Changing how fast you move through space changes how you move through time. It is an altogether astonishing result, completely counter-intuitive to our everyday experiences here on Earth.  But science is a game where the proof is in the pudding — extraordinary claims require extraordinary evidence, and special relativity has been put through the wringer. The most prominent way in which special relativity has been tested is in particle accelerators.  Many species of atoms and sub-atomic particles have limited lifetimes and eventually die by breaking apart (“decaying”) into smaller, more stable pieces. The time that these particles live is called the “half-life” and it is easy to measure in the laboratory — you plunk a particle down on your bench and you watch it until it dies!  The classic example of this is the neutron, one of the fundamental particles that makes up all the atoms in your body.  If you set a neutron on your workbench, it will live for about 881.5 seconds, just over 14 minutes and 41 seconds. Special relativity tells us that all clocks moving at high speeds run slow; this includes the clock the neutron carries with it that determines when it is going to decay. If we accelerate the neutron to speeds approaching the speed of light, we find that it lives longer than the predicted 881.5 seconds, confirming that its internal clock is running slow.  Special relativity has been tested in this way billions and billions of times in particle accelerators around the world, and never once has it failed to correctly describe the outcome of an experiment.  

While special relativity explains a great many physical phenomena that can be observed in the Cosmos, there is an important realization to be had: special relativity provides a way for us to journey to the stars. If we can construct a rocketship that could travel close to the speed of light (a not implausible idea, even with today’s technology), special relativity tells us that as passengers, our biological clocks will tick slowly enough that we will live to see the journey’s end.

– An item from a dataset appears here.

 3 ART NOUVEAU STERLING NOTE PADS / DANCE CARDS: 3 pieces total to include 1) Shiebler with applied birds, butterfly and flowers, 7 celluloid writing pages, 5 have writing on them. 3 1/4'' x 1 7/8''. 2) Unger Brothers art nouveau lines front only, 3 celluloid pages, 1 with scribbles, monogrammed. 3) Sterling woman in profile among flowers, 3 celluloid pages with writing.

Nuclear powered starship concepts that, in principle, are not outside the boundaries of our technology. (L) Starship Orion; (C) Project Daedalus; (R) Bussard Ramjet. [Images from Cosmos: A Personal Voyage] For many detailed starship concepts, see the book The Starflight Handbook by Eugene Mallove.

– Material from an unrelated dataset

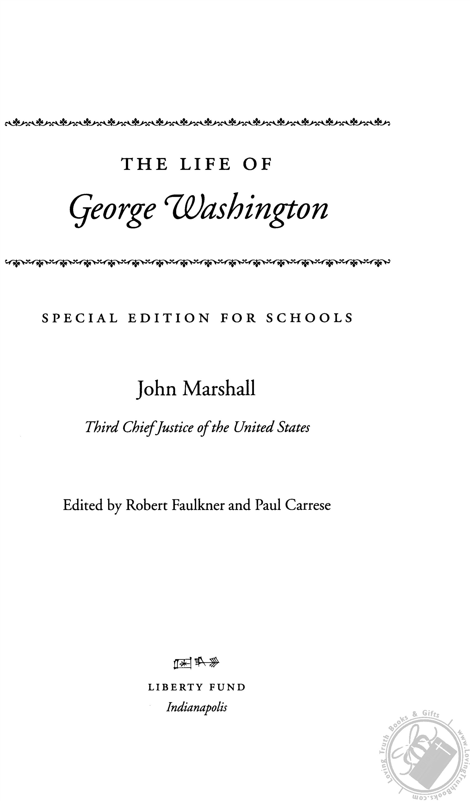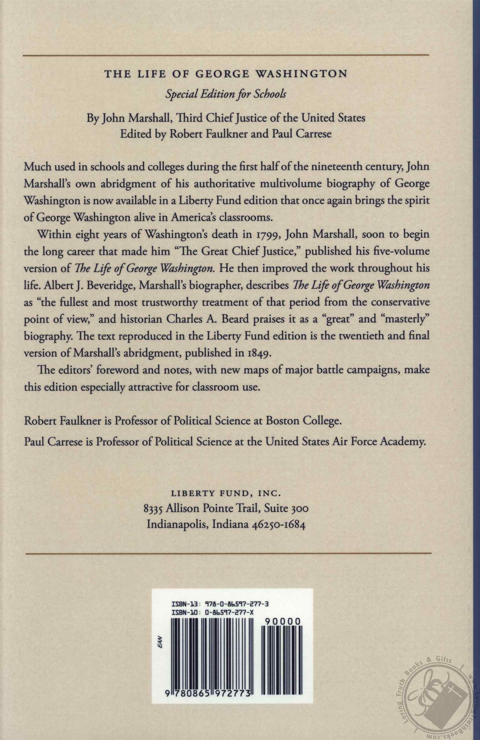 Within eight years of the death of George Washington in 1799, the first major biography of “the father of his country” was written by John Marshall and published in five volumes. Marshall, who later became Chief Justice of the United States Supreme Court, was induced to the task by the first President’s nephew, Bushrod Washington. Marshall’s own principal biographer, Albert J. Beveridge, has described The Life of George Washington as “to this day the fullest and most trustworthy treatment of that period from the conservative point of view.” In fact, so significant is the biography that Marshall later executed a one-volume abridgment, first published in 1838 and used widely for generations in American schools and colleges. The twentieth and final version of the abridgement, published in 1849, is the text reproduced in the new Liberty Fund edition of what Charles A. Beard has praised as a “great” and “masterly” biography.

What kind of travels could we imagine? Consider a rocket where we hold down the accelerator and never let up. We accelerate just enough that it feels like we have Earth normal gravity (“one gee”) on the ship, allowing us to pass time on our journey in comfort, pursuing ordinary everyday activities like ping-pong and shuffleboard. Our rocketship would increase its speed rapidly, ticking off the decimal places ever closer to, but never reaching, the speed of light.  The table below shows what different trips would look like.  For destinations close to Earth, like the Voyager spacecraft, our rocket travels fast enough to make the trip no more onerous than an extended vacation, but not so fast as to see the relativistic slowing of time.  But over Cosmic distances, time slows dramatically aboard the ship.  Travelling to the center of the Milky Way,to explore the wilderness near the monstrous black hole that lurks there, would take only 10.6 years, less than 22 year around trip.  But on Earth, 52,000 years will have passed, changing our planet and civilizations in unimaginable ways. We don’t even know what human life was like 52,000 years ago, because our written histories only extend back a tenth that long — who knows what 52,000 years in the future will look like!  To those of us on the voyage, scant decades will seem to have passed, but our species will have moved on without us.

Distance an measured times on relativistic rocket trips at acceleration of 1 g.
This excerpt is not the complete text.